Pictures in the material below are to be left out, and only the lines from the line with "Geymsla/svefnherbergi: Skráð sem" up to and including the line with "Рис. 9.1. Стоимость" are to be written out exactly.

# # # # #

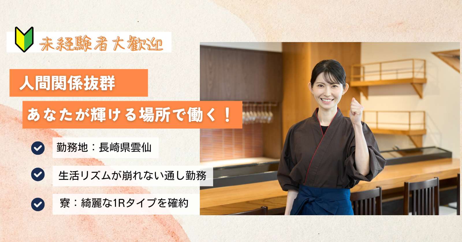 【長崎・雲仙】自然の恵みと温かい仲間!特別な温泉旅館で働きませんか?
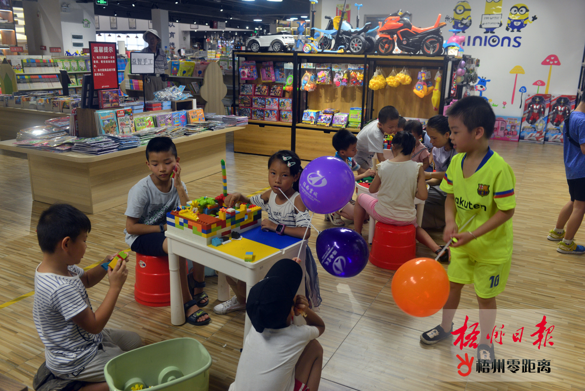 8月21日,一群兒童扎堆在我市一家書城閱讀、玩耍開發智力。
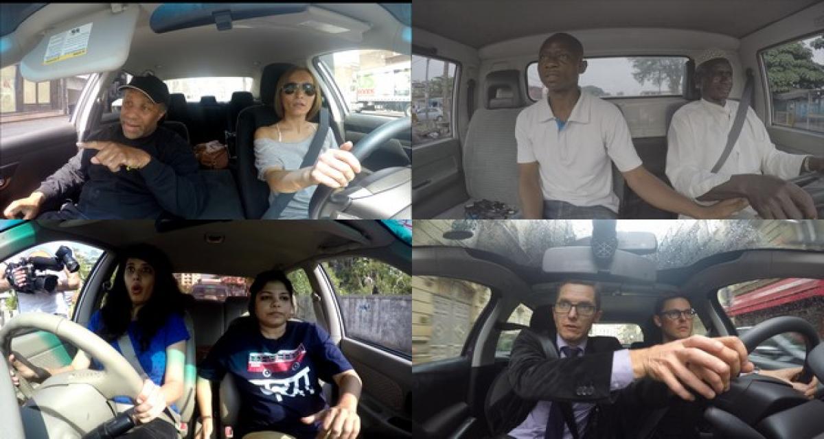 Permis du monde suit ainsi quatre établissements, à New-York, Abidjan, Mumbai et Paris. Le New-yorkais Yisrael se la joue cool. D’ailleurs, il n’hésite pas à prendre son repas dans la voiture et l’élève doit attendre qu’il ait fini pour démarrer ! L’Ivoirien Gnombléa n’hésite pas à se déplacer à domicile pour enseigner le code. On découvre au passage une Afrique avec des buildings et des autoroutes, rarement vue aux actualités. A Mumbai, Sneha possède une auto-école uniquement destinée aux femmes. Grande consommatrice de déodorant, elle enseigne l’art de slalomer entre les rickshaw et les vaches sacrées aux Indiennes. Quant à Jean le Parisien, il a la vanne facile avec ses élèves étourdis : « Eh oui, il y a plein de gens. Tu verras, il y a tout le temps des gens ici. C’est pour ça que ça s’appelle les Gens Elysées ! »
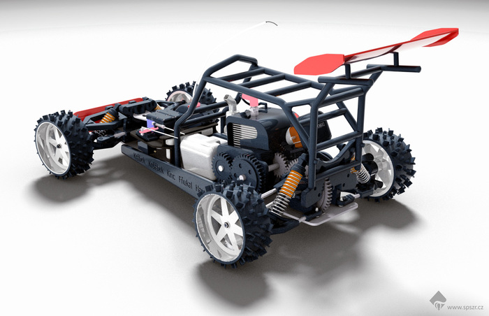 Mechatronická 3D studie RC buggy a její stavba, team řešitelů, jeden z prvních komplexnějších projektů vytvořený na naší škole pomocí parametrického navrhování před více jak desítkou let.
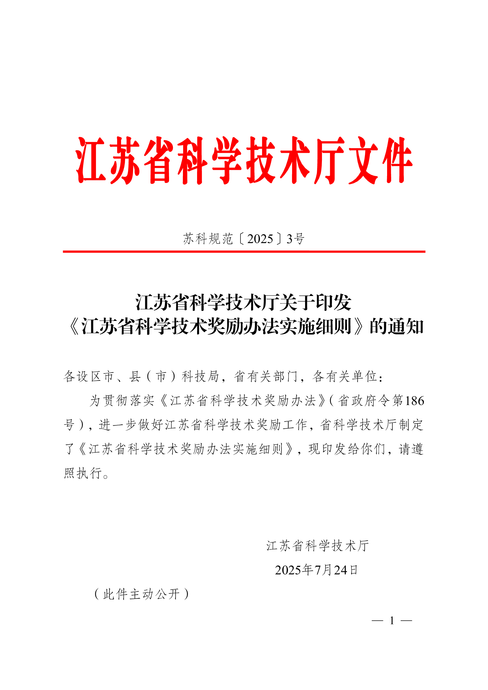 江苏省科学技术厅关于印发《江苏省科学技术奖励办法实施细则》的通知
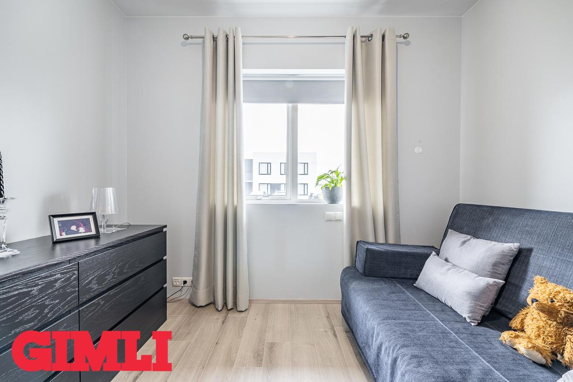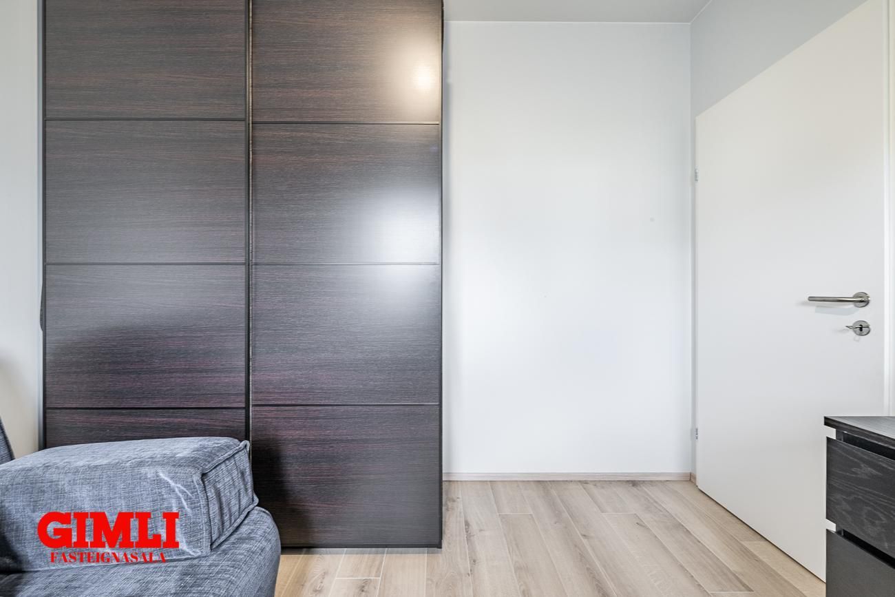 Geymsla/svefnherbergi: Skráð sem geymsla á teikningum en mjög gott (9,1 fm) með stórum glugga og nýtist sem svefnherbergi með fataskáp og harðparketi á gólfi.
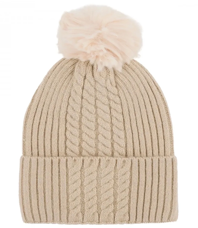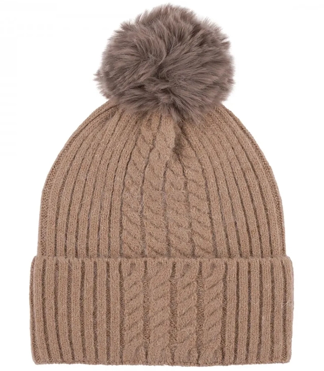 Șapcă caldă pentru femei cu pompom și țesătură interesantă toamnă-iarnă pălărie
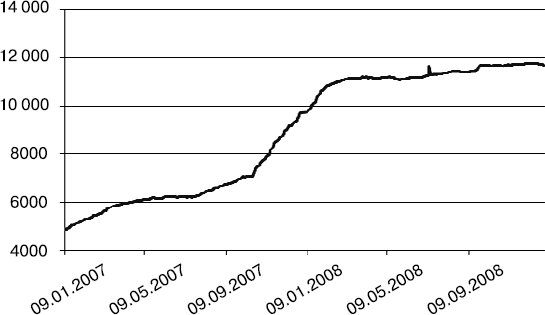 Рис. 9.1. Стоимость пая в ОПИФ «Райффайзен-Акции», зафиксированная с января по октябрь 2008 года
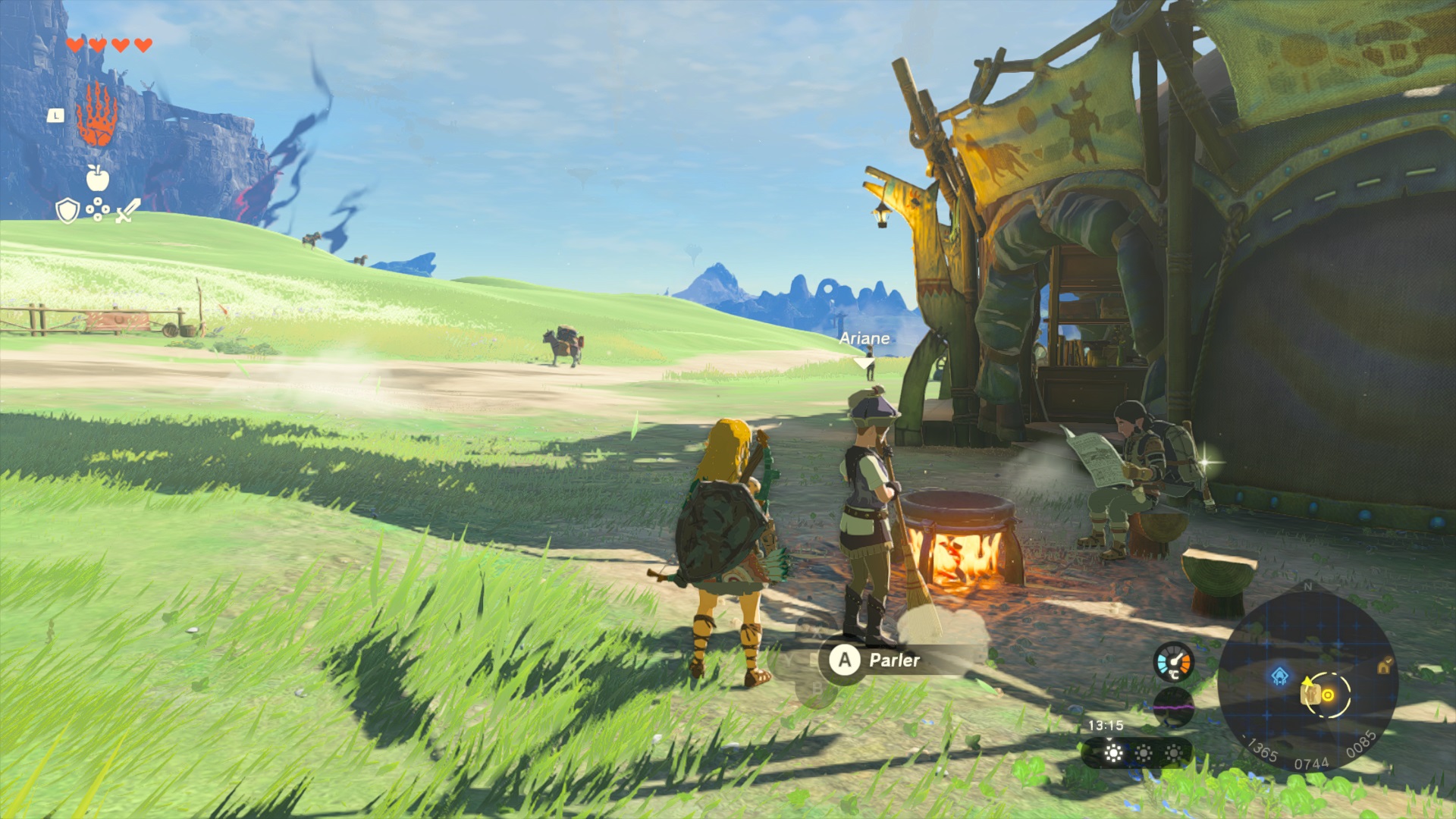 Enfin, approchez-vous du Sheikah qui s'appelle Vocah et qui surveille l'horizon avec son âne, devant le relais. Il vous recommande d'aller voir dame Impa. Elle aurait peut-être des informations qui pourraient aider à trouver la princesse Zelda. La vieille Sheikah vous attend un peu plus loin, allez la rejoindre. Elle vous parle de géoglyphes apparus aux quatre coins du royaume, et vous explique que le motif qu'ils dessinent se voit mieux du ciel. Elle vous demande alors de l'aide pour réparer sa montgolfière. Saisissez le ballon avec Emprise, et fixez-le au sommet de la structure. Si vous avez commencé la quête de Faras, vous aurez alors déjà appris le plan de la montgolfière qui vous facilitera la reconstruction avec Duplicata. Parlez à Impa pour qu'elle embarque, puis enflammez le brasier afin que la montgolfière s'élève.

# # # # #

## Response
 Geymsla/svefnherbergi: Skráð sem geymsla á teikningum en mjög gott (9,1 fm) með stórum glugga og nýtist sem svefnherbergi með fataskáp og harðparketi á gólfi.
 Șapcă caldă pentru femei cu pompom și țesătură interesantă toamnă-iarnă pălărie
 Рис. 9.1. Стоимость пая в ОПИФ «Райффайзен-Акции», зафиксированная с января по октябрь 2008 года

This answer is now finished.